New year, new server image

Last week, I upgraded the server that this site runs on to Debian 13 (also known as Trixie), and the corresponding version of Sympl. This ended up being a fresh installation of Debian; I tried and in-place upgrade and, well, let’s just say it went badly wrong and the virtual machine wouldn’t boot. Whoops.

A sign that I only partially learn from my mistakes is that this is basically what happened when I lost everything in 2018. However, this time I did have backups, thanks to the UpDraft Plus WordPress plugin. And, whilst I didn’t do a backup immediately before the aborted upgrade like I should have done, I did have one that was only about a week out of date. Furthermore, this included some blog posts that were written but not yet published at the time, so I didn’t even lose those. Phew.

The upgrade to Debian 13 means that I’m running a newer version of PHP. Debian 12 ships with PHP 8.2 and I had added a custom repository to upgrade this to PHP 8.3. Debian 13 includes PHP 8.4, and so I no longer get a warning message in WordPress’ Site Health checker. It’s not the latest version – that’s PHP 8.5 – but it’s newer.

The existing server image had been in place for just over a year, when I moved from Bytemark to Hosting UK, and the last time I upgraded Debian was in 2023. Doing a fresh install every now and again should help to keep things running better, hopefully.

Hopefully, you won’t notice anything different about the blog, apart from some of the sidebar widgets missing. I’ll get these restored in time.

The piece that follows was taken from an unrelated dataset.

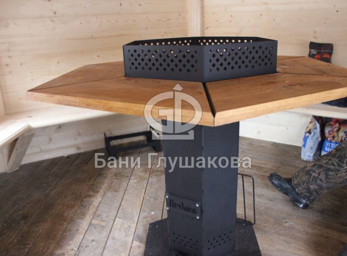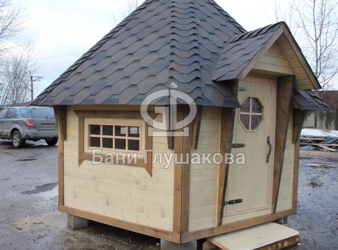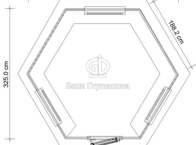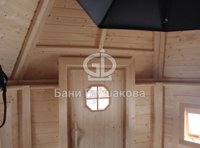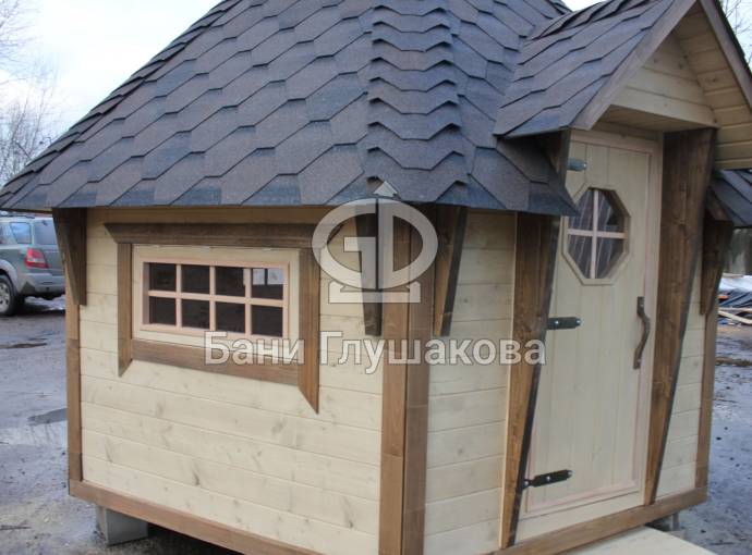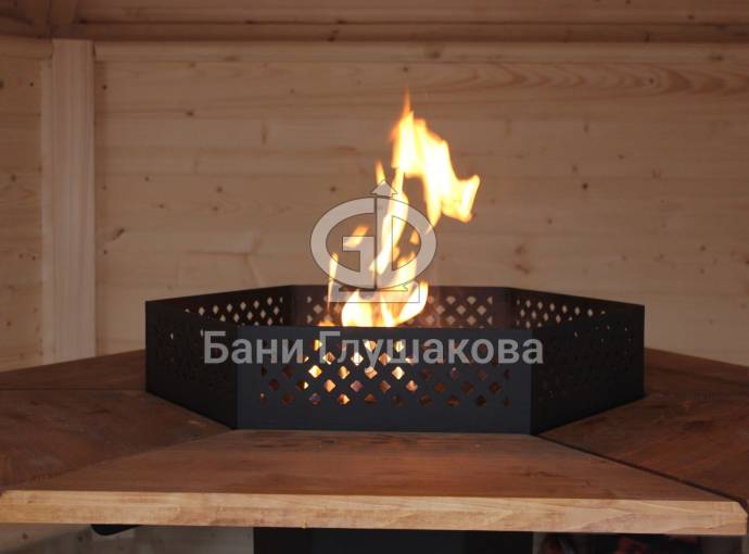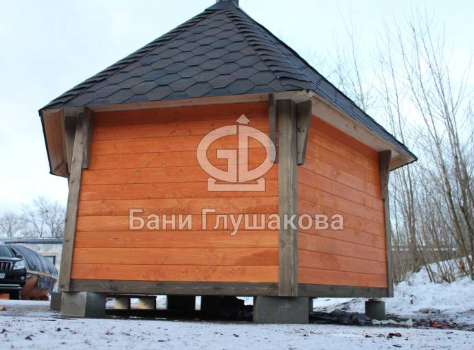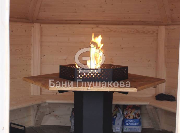 В основе лежит шестигранник диаметром 3 метра. Площадь такой беседки составляет 9 кв.м. Сборка осуществляется по каркасной технологии (отдельно можно заказать дополнительное утепление) из сухой доски. Внутри по периметру устанавливаются лавки, оставляя центр пустым для установки мангала, печи, барбекю...

WordPress backups with UpdraftPlus

A meme featuring Anakin and Padme from the Star Wars films. Anakin is saying 'I've reinstated my WordPress install after everything got wiped' and Padme says 'so you've got backups now right?'

It’s a little while until World Backup Day on the 31st March, but I’ve set up UpdraftPlus to create automatic backups of my WordPress installation to my Dropbox account.

It’s a straightforward plugin to set up. You install it from the WordPress plugin directory, select your cloud storage provider, choose what you want to backup, and then run it. If it all goes well, you can then set a schedule for automated backups.

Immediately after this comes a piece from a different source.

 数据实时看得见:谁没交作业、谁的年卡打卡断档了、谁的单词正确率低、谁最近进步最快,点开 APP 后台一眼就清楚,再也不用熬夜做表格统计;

The free version offers Dropbox, Google Drive, Amazon S3 and some others, and you can also upload your backups to any FTP server, albeit over a non-secure connection. If you want to use WebDAV, SFTP, SCP, Microsoft OneDrive or UpdraftPlus’ own service, then you’ll need a premium account. At present, it’s £54 per year for up to two personal sites, which is pretty reasonable – the equivalent of a little over £4 per month.

Your backups can include everything if you want, but I’ve excluded plugins and themes from my backups. I haven’t modified the theme that I am using, and I’m not using any custom plugins – everything is from the WordPress plugin directory.

Backing up my files to Dropbox makes the most sense to me. I pay for Dropbox Pro and so have 2 terabytes of storage, of which I’m using less than 7%. Whilst VaultPress is the officially-supported solution for backups for WordPress, it’s not a free service and I’m already paying for Dropbox Pro.

The best time to set up backups is now

There isn’t a ‘best time’ to set up backups for any system apart from, well, now. So, if you haven’t got a backup solution in place, this is your reminder to sort something out. I lost all my blog posts in 2018 because I didn’t have adequate backups in place when doing a server upgrade. I would say I learned my lesson, but I’ve been blogging again for 18 months now and only set up UpdraftPlus last week.

There are many other WordPress plugins that offer backups – some free and some paid. I chose UpdraftPlus as it seemed to be the one which offered the features that I wanted, but you may find another suits you better. Just make sure that you have something in place.